Mechanical properties often produce effects clearly observable in the field. These effects often lead field personnel to form strong opinions about mechanical properties' importance and to rank them high among the overall properties.

On the other hand, corrosion-protection properties normally produce effects that are less immediately visible. Quite often, their effects are felt only several years after pipeline installation. Unfortunately, therefore, the more visible mechanical properties are often given more importance than they rightfully deserve.

Moreover, it is mandatory that all coating damages be repaired, inspected, and accepted at the construction site, before the pipeline is completed. Some coating repairs are expensive and time consuming.

In addition, several of the repair materials have long cure times, possibly extending to several weeks. Therefore, it is crucially important to the pipeline construction engineer that he receive the pipe with minimal or no damages.

Since there are many chances for the coating to be damaged during handling, transportation, and installation, it is quite natural that construction engineers demand high impact-resistant coatings in order to minimize those damages.

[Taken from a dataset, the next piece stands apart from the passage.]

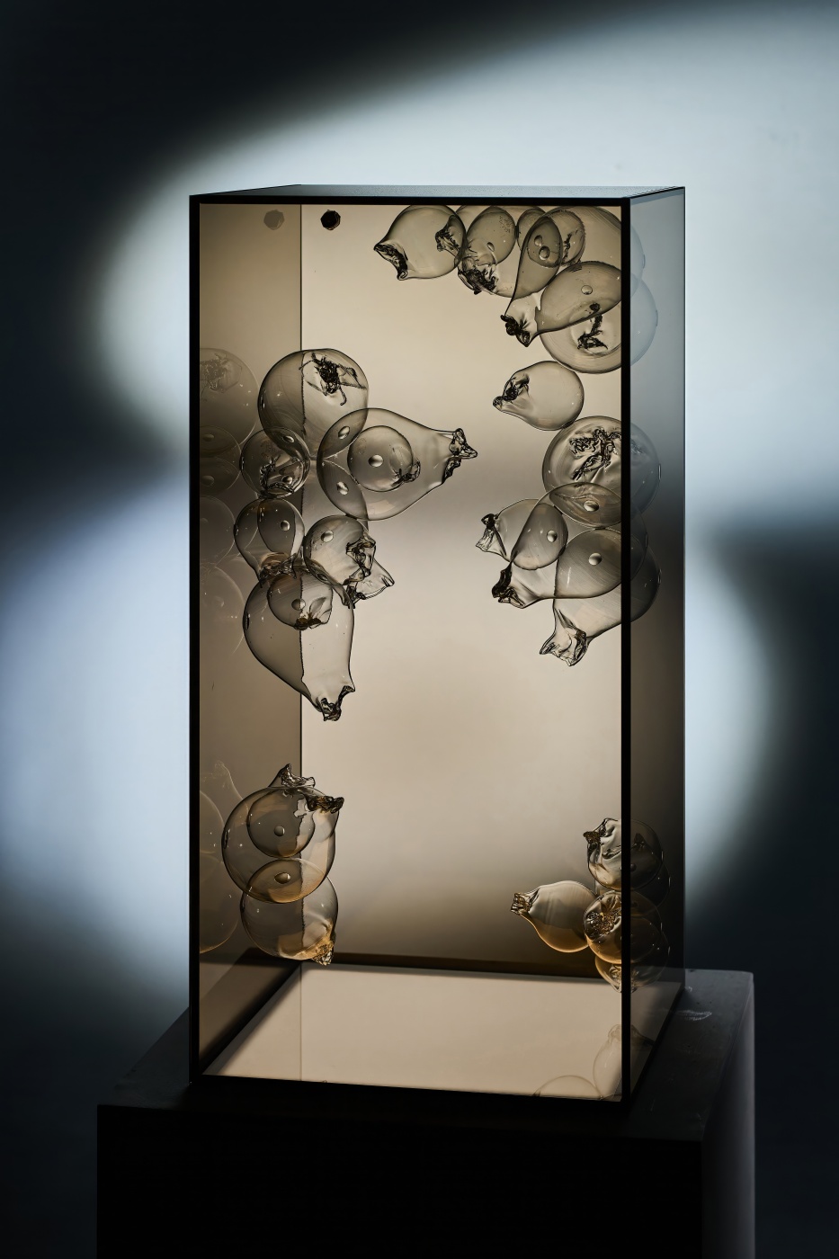 В галерее АРТЗИП представлены его работы из битого стекла, которые демонстрируют собой хрупкость и тонкость окружающего нас мира. Причудливые формы и олицетворение основ жизни показаны в фрагментах, склеившихся друг с другом и повторяющих атомы, соединившиеся в спираль ДНК.

Although it is understandable, one should remember that changes required to improve one property can adversely affect other properties. It should be noted that, in order to improve one of the mechanical properties, the formulating chemist may have to sacrifice some of the corrosion-protection properties.

Therefore, a good understanding of these mechanical properties and how they relate to the corrosion-protection properties is essential to give each their proper importance and rank them correctly.

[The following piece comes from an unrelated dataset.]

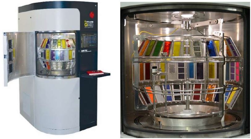 Every new product development starts with xenon-arc weathering testing to select the right materials for the individual components – no matter if it is a new car, plane, or new quadrocopter. The weathering of exterior parts often involves using xenon-arc rotating rack devices such as Atlas Ci Weather-Ometers. It serves to determine which protective coating formulation best withstands sunlight-UV, heat, and moisture to the manufacturer’s standards (e.g. ASTM D7869, SAE J2527). The same applies for all interior parts exposed to sunlight, as well (e.g. ISO 105-B06, SAE J2412).
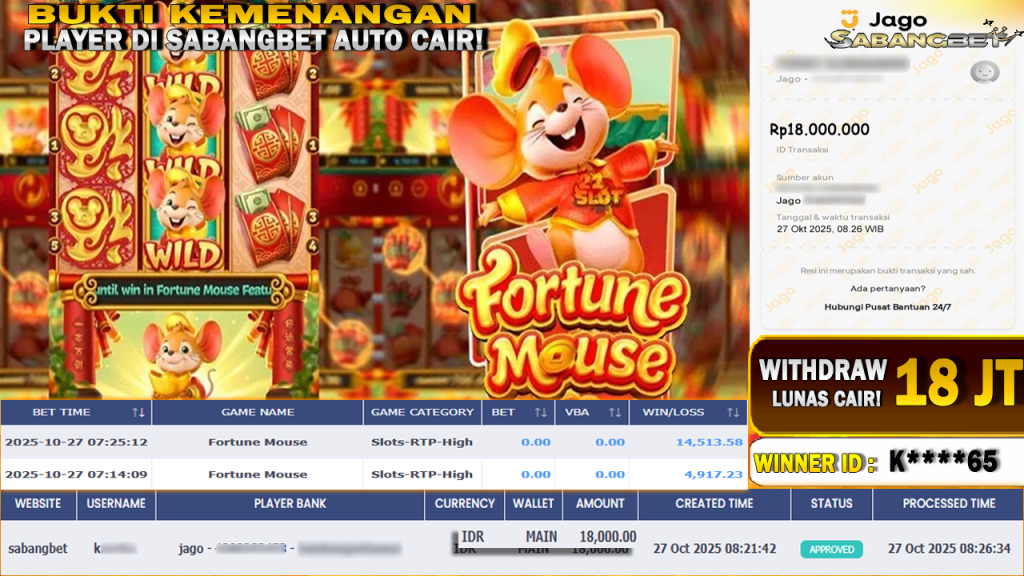 BUKTI KEMENANGAN 27 OKTOBER 2025 DI GAME FORTUNE MOUSE WD 18 JUTA

A proper understanding of the mechanical properties is also extremely important to those who are involved in pipeline maintenance and concerned with cathodic protection.

Impact resistance

Impact resistance is as important among the mechanical properties as flexibility (Part 1). The value of impact resistance is an indication of a coating's ability to survive damages from impact. The various units used to express impact resistance value are inch pounds, kilogram meters, and Joules.

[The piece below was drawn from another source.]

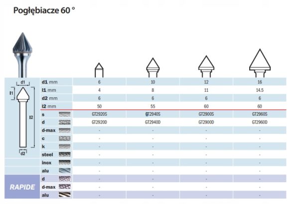 Pilniki obrotowe z węglika spiekanego – Pogłębiacze 60 stopni

Accurately measuring this very important property is a troublesome area for both laboratory chemists and field engineers because different factors affect the test results.

Test methods

Because of the joint efforts of several international technical groups, reliable test methods are currently available. ASTM G-14, the falling-weight drop method based on the Gardner Impact Tester, is one of the most widely used methods.²

This tester consists of a ball-ended tup which rests on the evaluation specimen. The test specimens can be either laboratory prepared panels or samples extracted from the pipe.

Fig. 1 shows laboratory impact test equipment for the falling-weight drop method.

A known weight is dropped onto the sample through a guide shaft from a measured distance. The impact energy is obtained by multiplying the height and weight.

The impacted area is then tested for coating damages with "holiday" test equipment. (A "holiday" is any gap in pipeline coating.)

For thin coatings, a wet-sponge holiday detector with 67.5 v is used. For fusion-bonded epoxy coatings, 125 v/mil (2,500 v for 20 mils) hot spark detectors and for thick polyethylene, 25,000 v to 35,000 v (3.5 mm thick coating) hot-spark detectors are the test equipment used to check the samples after the impact.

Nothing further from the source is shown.